DATASET SECTION ->
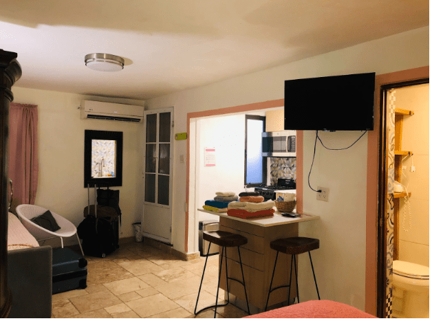 Guests have a few different units to choose from. I chose the Pink room, centrally located between the pool and the jacuzzi, not far from la hacienda. The Pink room is a full studio unit, with a full kitchen and bathroom. Though I wasn’t able to consume cannabis indoors (smoking indoors is not allowed, vaping is), I was able to consume anywhere outdoors: the pool, the jacuzzi, the rooftop deck, right outside my door, etc. There was enough cover from the sun and rain to consume outside comfortably.
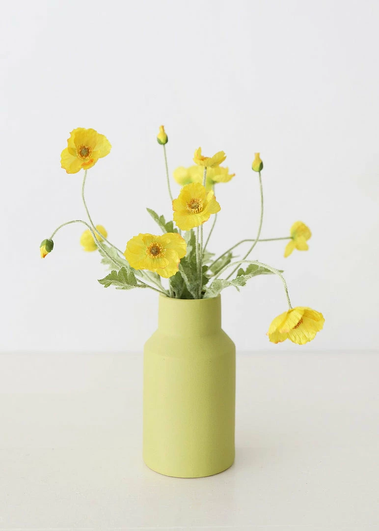 Find colorful flower vases, like this simply stunning pistachio green vase with texture. You can fill it with fake or dried flowers in pastels for an everyday, bright look, or use as a modern decor piece for an eye-catching design.
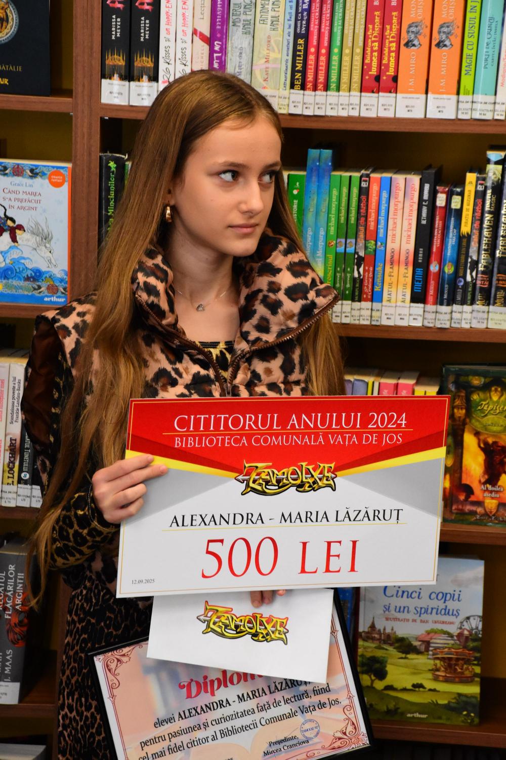 12.09.2025, ora 1000, Secția de Împrumut Carte pentru Copii – premierea celui mai fidel cititor al Bibliotecii Comunale Vața de Jos. |

TASK INSTRUCTIONS -> The material above is to be transcribed exactly, with all pictures omitted.

EXPECTED ANSWER ->
 Guests have a few different units to choose from. I chose the Pink room, centrally located between the pool and the jacuzzi, not far from la hacienda. The Pink room is a full studio unit, with a full kitchen and bathroom. Though I wasn’t able to consume cannabis indoors (smoking indoors is not allowed, vaping is), I was able to consume anywhere outdoors: the pool, the jacuzzi, the rooftop deck, right outside my door, etc. There was enough cover from the sun and rain to consume outside comfortably.
 Find colorful flower vases, like this simply stunning pistachio green vase with texture. You can fill it with fake or dried flowers in pastels for an everyday, bright look, or use as a modern decor piece for an eye-catching design.
 12.09.2025, ora 1000, Secția de Împrumut Carte pentru Copii – premierea celui mai fidel cititor al Bibliotecii Comunale Vața de Jos. |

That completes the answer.